Para 30: “I am satisfied that the requirements for a personal and punitive costs order were met.”

5.

President of the Republic of South Africa and Another v Public Protector and Others [2020] ZAGPPHC 9

 

President Cyril Ramaphosa approached the High Court to review and set aside the report of the Public Protector that investigated complaints into the CR17 campaign for the ANC leadership that was elected in December 2017. The High Court found that the report, the findings and the remedial action ordered by the Public Protector were unconstitutional and invalid. The review succeeded and the report was set aside.

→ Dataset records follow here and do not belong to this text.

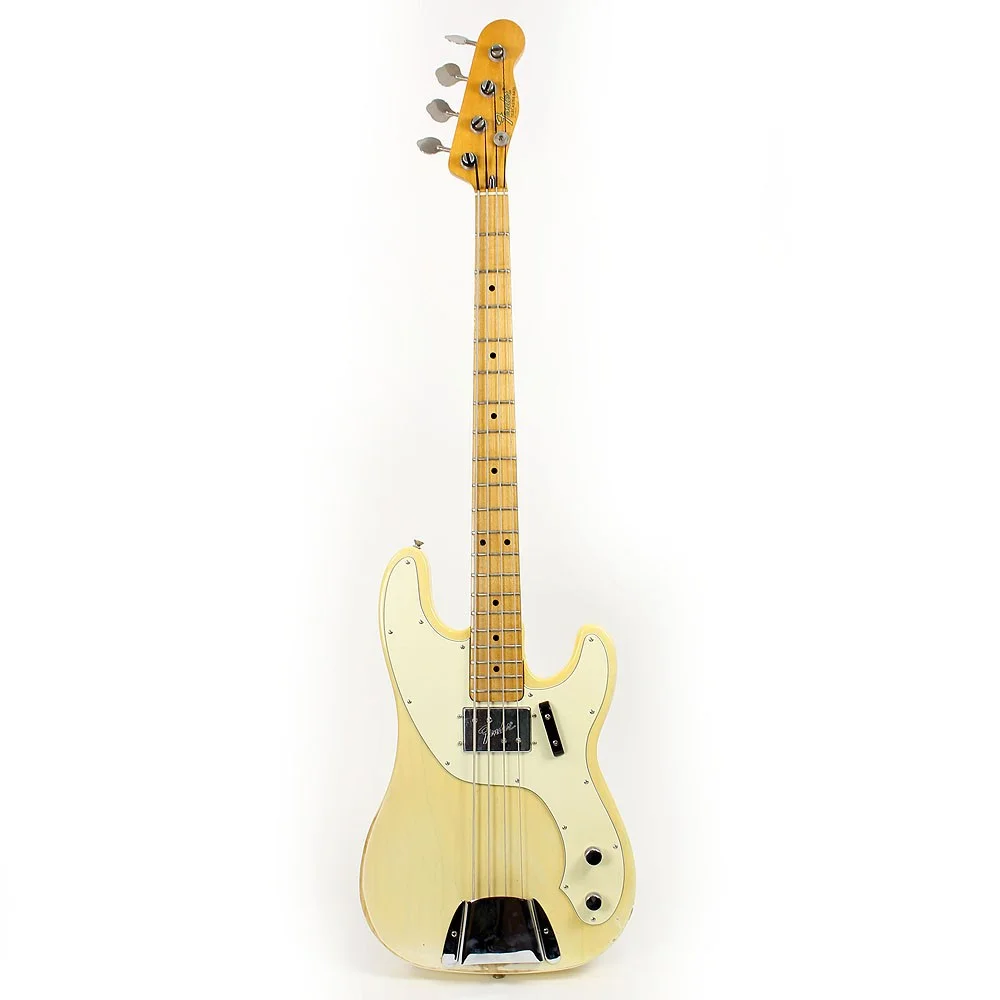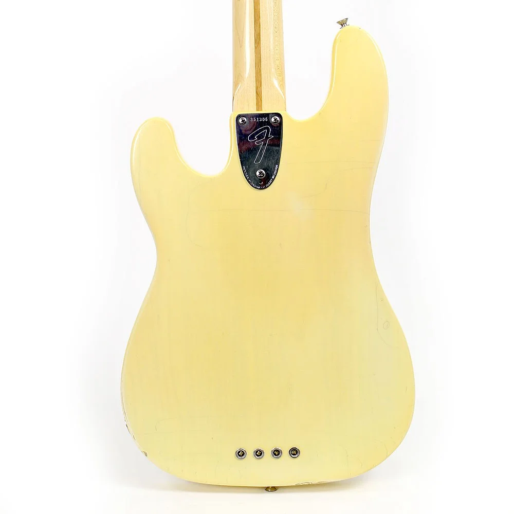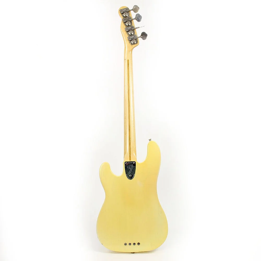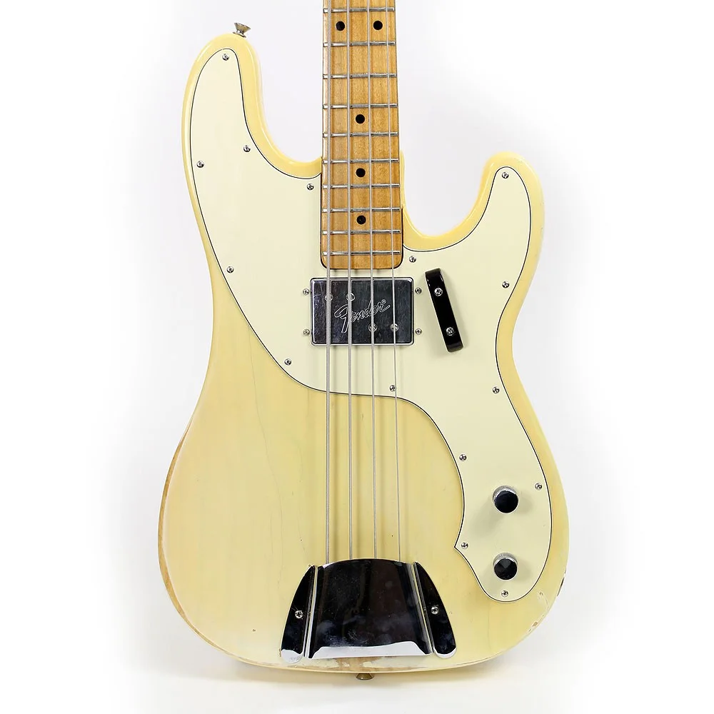 Korpus: Solide Esche in „trans blonde“ finish mit Cream Pickguard, welches sich ebenso im perfektem Zustand befindet. Saiten sind „true hole body“ was dem Bass ein riesiges Sustain verleitet.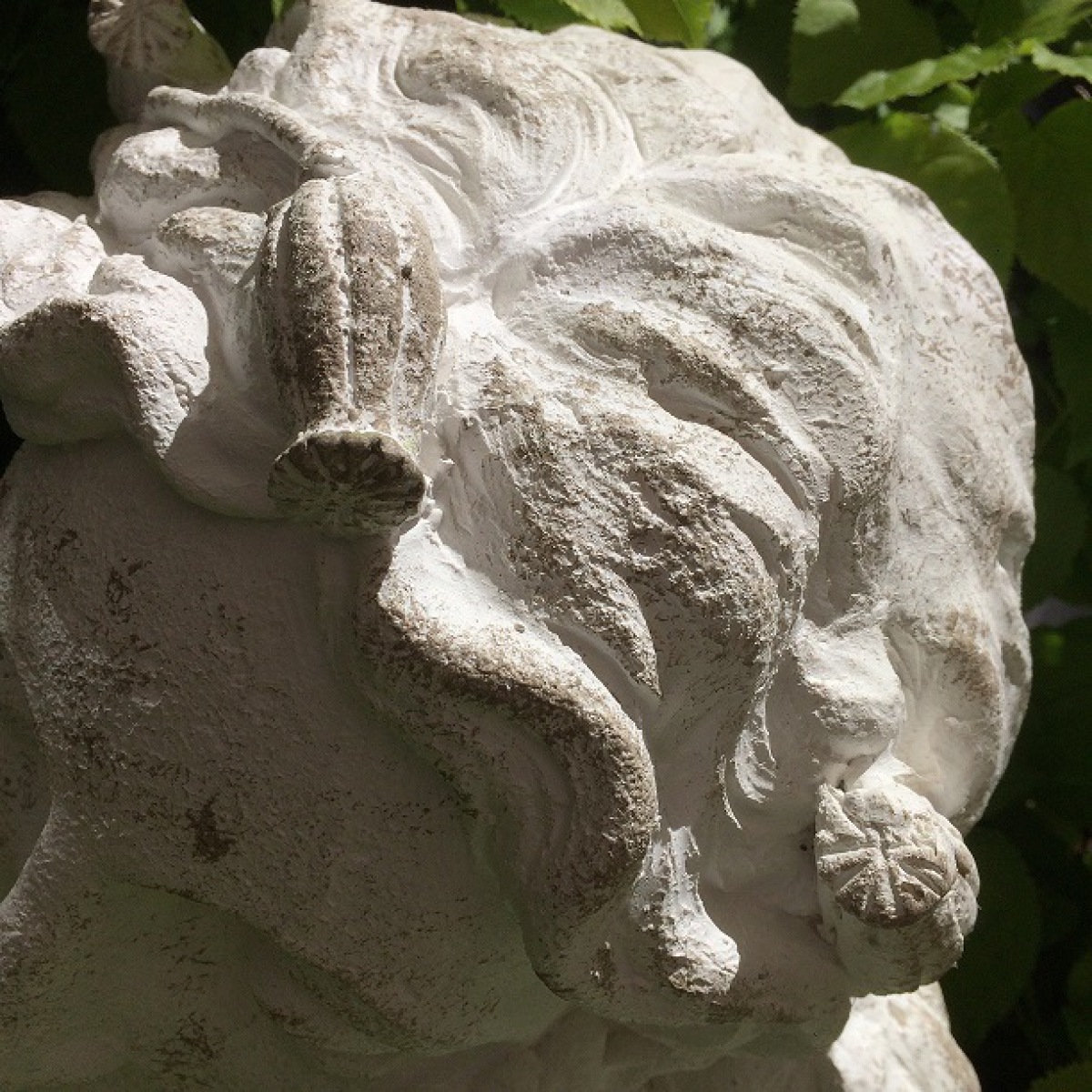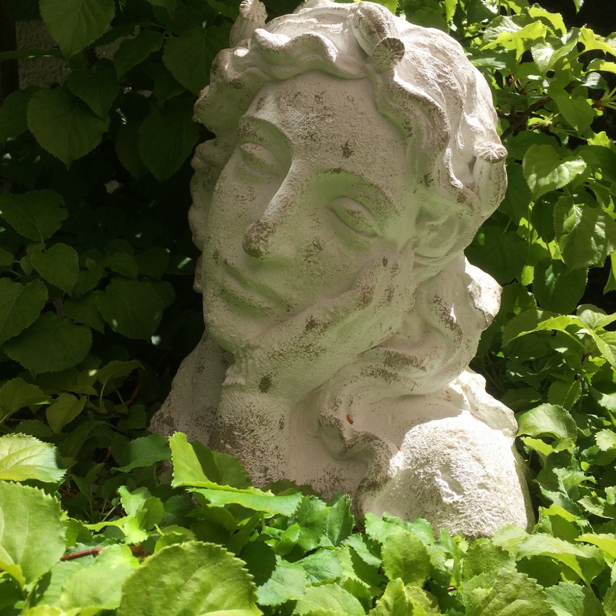 Witterungseinflüsse verändern die weiß/steingraue Patinierung der klassischen Frauenbüsten und verleihen nach und nach den Charme der Zeit. Frostfest, wir empfehlen trotzdem einen geschützten Platz im Winter.
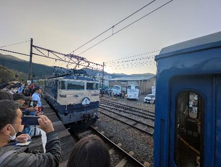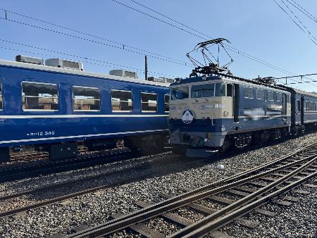 仕業を控えた青い機関車と12系客車(左)。右の客車は同系色の旧型客車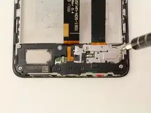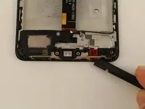 Отсоедините узел динамика и микрофона, проведя лопаткой вдоль нижней части телефона.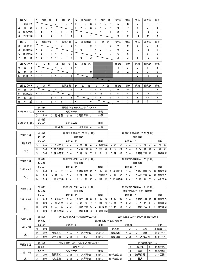 長崎県体育協会人工芝グラウンド、創成館高校グラウンド、島原市営平成町人工芝(山側)(海側)、大村古賀島スポーツ広場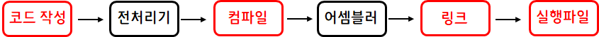 실행파일은 코드 작성, 전처리기, 컴파일, 어셈블러, 링크 과정을 거쳐서 만들어지게 됩니다.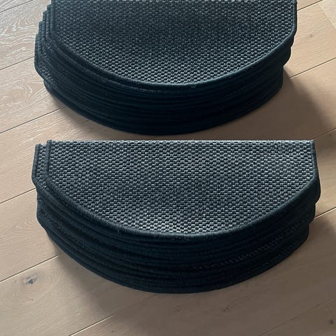 Høykvalitets teppefliser som vi har brukt en gang i en en messe. Passer like godt hjemme eller på kontoret. Det er 20 stk (5 kvadrat) i hver pakke. Har en pakke med de stripete. Har to pakker med de ensfargede. Alle er like høye og kan legges i kombinasjon/mønster. Prisen er per flis (50*50 cm). Deler ikke opp pakkene. Dvs kr 500 per pakke. Ingen pruting. Dette er dyre fliser. Må hentes / møtes i Lørenskog.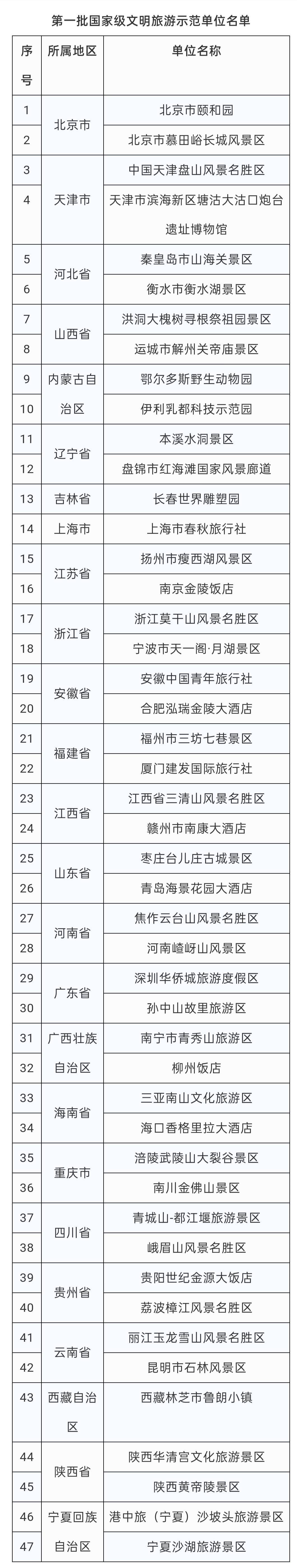47家单位入选第一批国家级文明旅游示范单位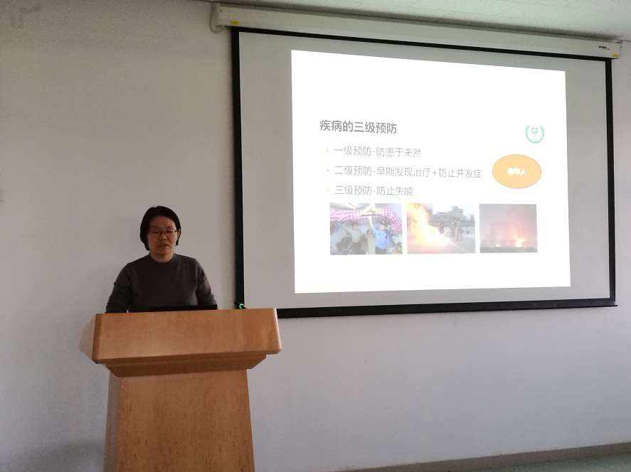 李卫菊以中老年健康管理为题,分别从老年疾病的三级预防、一级预防与健康的生活方式、二级预防与合理的健康检查、三级预防防止失能等方面进行了讲解,并从起居、运动、饮食、防病及日常生活中的健康注意事项提出了宝贵的建议,阐述了健康的养生知识。她强调,预防重于治疗,要做到合理膳食、适量运动、戒烟限酒、保持良好心态等相结合,养成良好的生活习惯,防范和控制常见疾病,保持身体健康。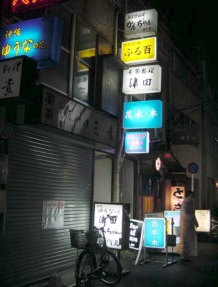 13日は14日の東京出張の準備で、遅くなり、荷物も出てしまい、走って帰るわけにいかなかった。走れなくなりだすと続くものだ。13 水 ‐ ‐ ‐ 14 木 ‐ ‐ ‐ 東京出張で家を出るのが朝が7時40分と早く、とても辛かった。仕事が終わり5時少し過ぎ、久しぶりにアートスポーツへ。勇んで行ったので、ちょっと買い過ぎてしまった。ランシューズ2足、長袖ウエア5点、後は高木さん共々愛用のゴムのランニングシューズ紐などの小物。これではせっかく渡辺さんに教えていただいたもう1軒のお店に行けない。そちらは佐倉の時にして、新橋に向った。前夜、アンケート葉書を出しなさいと催促の電話をくださったフル百の吉野事務局長に場所を聞いたフル500回超の熊谷さんのお店。新橋駅の出口、鳥の名前、烏何とか口?から出て、怪しげな「エステ」のお誘いが危ない界隈を100mほど進むとその店はあった。ピンクでなく、黄色の「ふる百」看板が見える。後は、このページの冒頭部分を。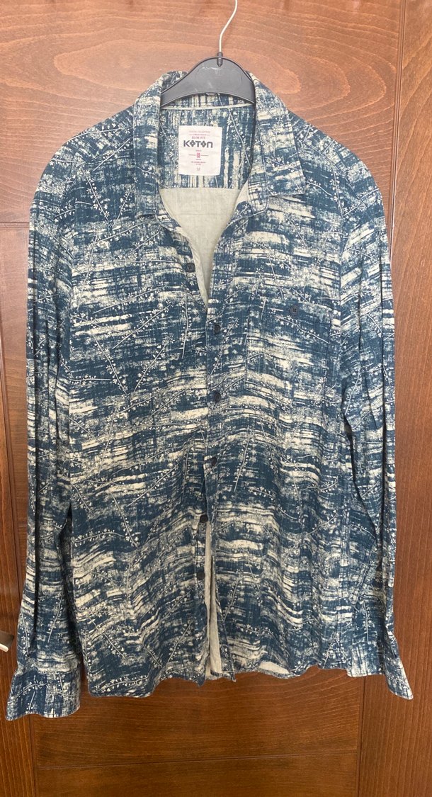 Erkek gömlek, uzun kollu ve yakasında çentikli yaka bulunur. Düğmeli, bol kesim ve uzun boylu, sentetik kumaştan gri batik desenlidir. Rahat günlük kullanım için uygundur.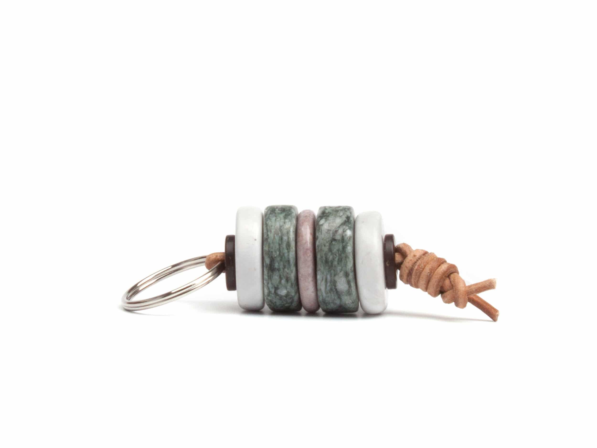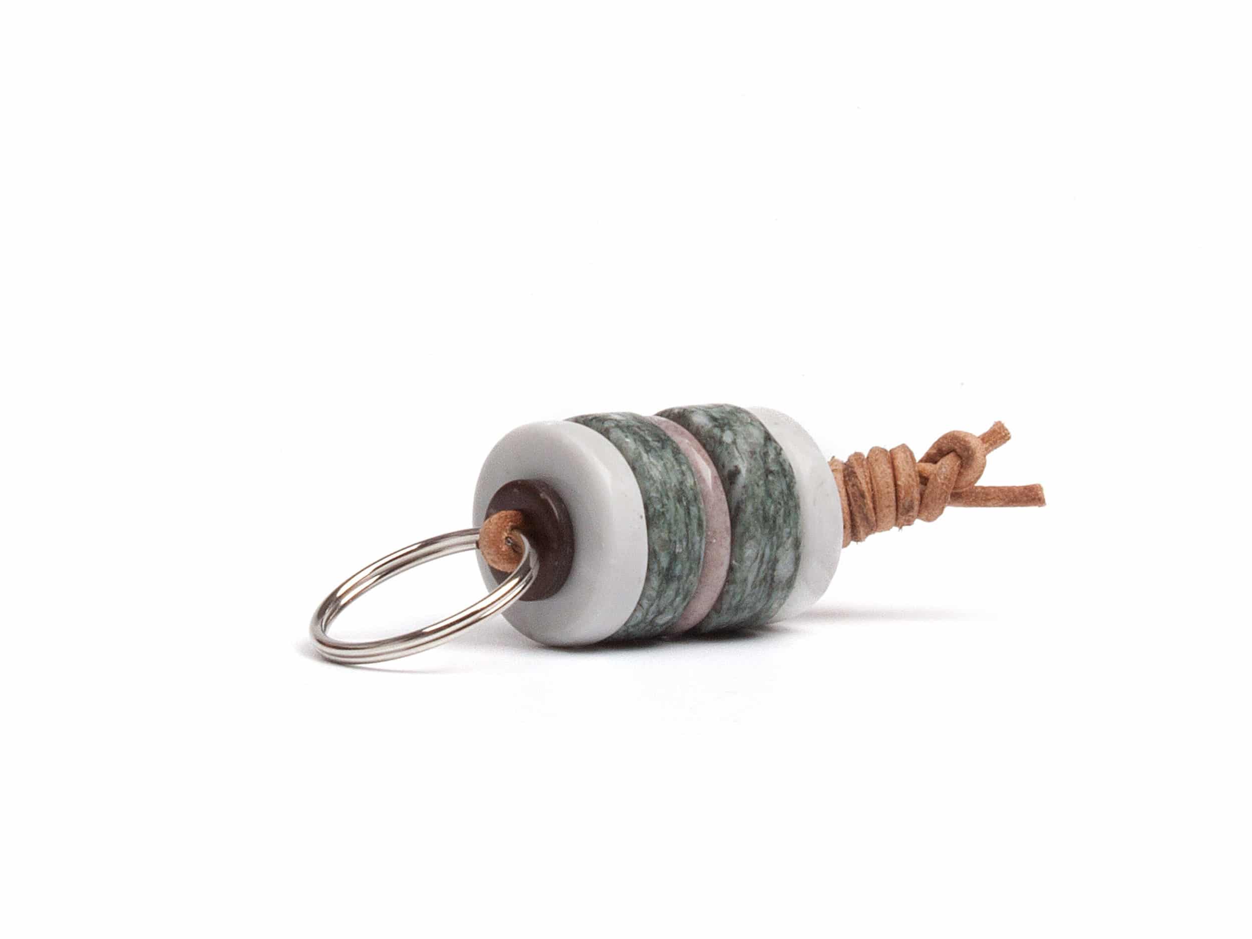 Jeder handgemachte Schlüsselanhänger besteht aus fünf Büdner Steinscheiben. Schlicht aber wirkungsvoll!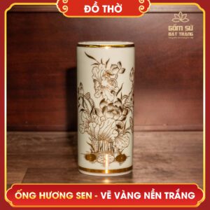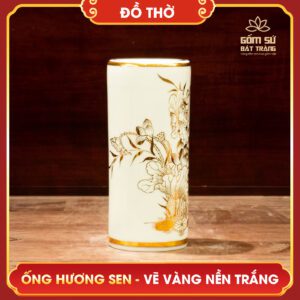 Ống hương Hoa Sen vẽ vàng nền trắng
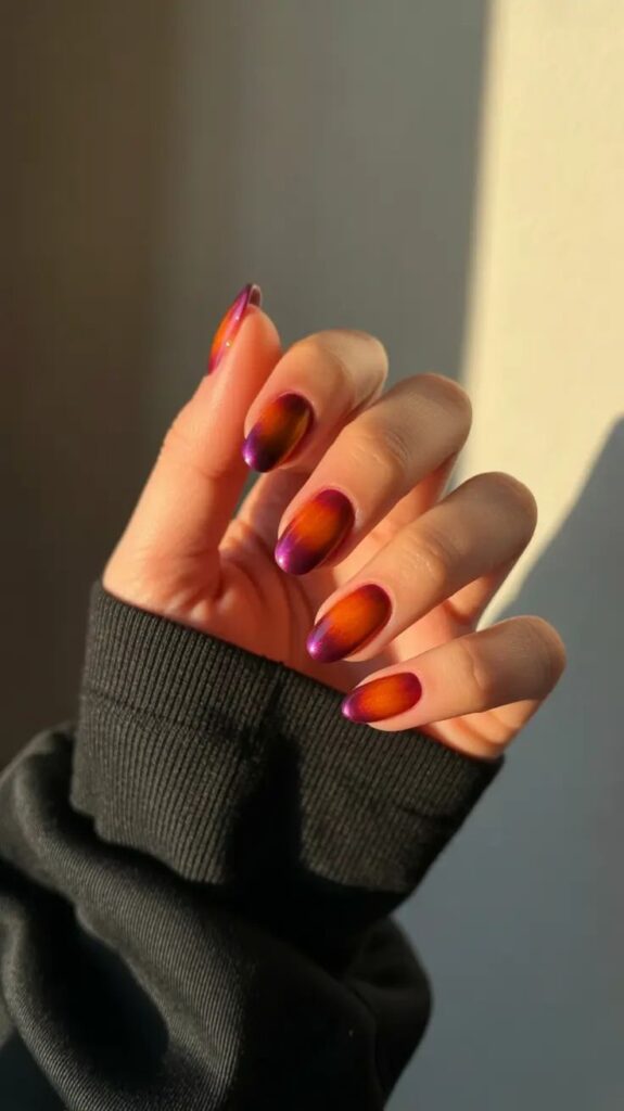 Υπάρχουν μανικιούρ που αγαπάμε για την απλότητά τους, κι άλλα που μας μαγεύουν με τον τρόπο που παίζουν με το φως. Το Ombré με λάμψη Aurora και αποχρώσεις ηλιοβασιλέματος ανήκει στη δεύτερη κατηγορία. Είναι κυριολεκτικά φθινοπωρινή μαγεία σε ένα μπουκάλι – ένα μανικιούρ που αλλάζει χρώμα ανάλογα με το φως, μεταμορφώνοντας τα νύχια σου από απαλά ροζ-χάλκινα σε ιριδίζοντα plum, όπως ακριβώς ο ουρανός λίγο πριν δύσει ο ήλιος.

Para 49: “The Public Protector introduced the element of inadvertent misleading of Parliament into the [Executive Ethics] Code.”

 

Para 54: “In her treatment of this issue the Public Protector demonstrated a fundamentally flawed approach to the principles underpinning the question of whether the President violated the Executive Code by wilfully misleading Parliament.”

 

Para 65: “This response displays a deep-seated inability, or refusal, to process facts before her in a logical and fair-minded manner. Such a response is difficult to reconcile with her constitutional obligations.”

 

Para 74: “[T]he Public Protector did not act with an open mind, and so breached one of the cardinal requirements of her position.”

 

Para 75: “[N]ot only did the Public Protector commit a material misdirection in her legal approach, but she also reached an irrational and unlawful conclusion on the facts that were before her. Further, she did not approach the issue with an open mind.”

 

Para 104: “[T]he Public Protector does not appear to have fully appreciated the distinction between her powers and her jurisdictional competence in the approach she took on this issue.”

 

Paras 120-121: “The Public Protector has not identified any evidence nor facts to substantiate her conclusion[s]”

 

Para 146: “The conclusion is inescapable that in dealing with this issue the Public Protector completely failed to properly analyse and understand the facts and evidence at her disposal. She also showed a complete lack of basic knowledge of the law and its application. . . . Had she been diligent she would not have arrived at the conclusion she did.”

 

Para 153: “[T]he Public Protector displayed anything but an open mind. She made serious findings based on unfounded assumptions. She paid no regard to the statute that establishes the very offence in which she implied the President is suspected to have been involved. She also ignored the detailed explanations . . . We find that her findings on the money laundering issue were not only irrational, but, indeed, reckless.”

 

Para 188: “The Public Protector exceeded the lawful limits of her powers in the remedial action and monitoring measure she directed at the NDPP.”

 

Para 206: “What makes the Public Protector’s conduct in this regard worse is that despite being requested to give the President an opportunity to respond to the remedial action she had in mind, she refused to do so. The President was not given sight of her remedial action directing the NDPP to investigate money laundering. It is unclear why the Public Protector failed to comply with one of the most fundamental principles of natural justice by declining the President’s request to be permitted to make representations on the remedial action. . . . The Public Protector ought to have understood the importance of not making findings that will have such serious implications without affording a proper hearing to the persons affected. At the very least, she failed to show appreciation for an elementary principle of due legal process.”

 

Para 212: “The totality of the Public Protector’s conduct highlighted above warrants an adverse costs order against her. In our view, an order that she be directed to pay the President’s costs on an attorney and client scale is warranted.”

6.

Public Protector and Others v President of the Republic of South Africa and Others 2021 (6) SA 37 (CC)

 

The Public Protector appealed directly to the Constitutional Court against the decision of the High Court to set aside the CR17 report. The Constitutional Court agreed with the High Court and dismissed the Public Protector’s appeal.

 

*This judgment was handed down after the motion to remove Adv Mkhwebane from office was initiated.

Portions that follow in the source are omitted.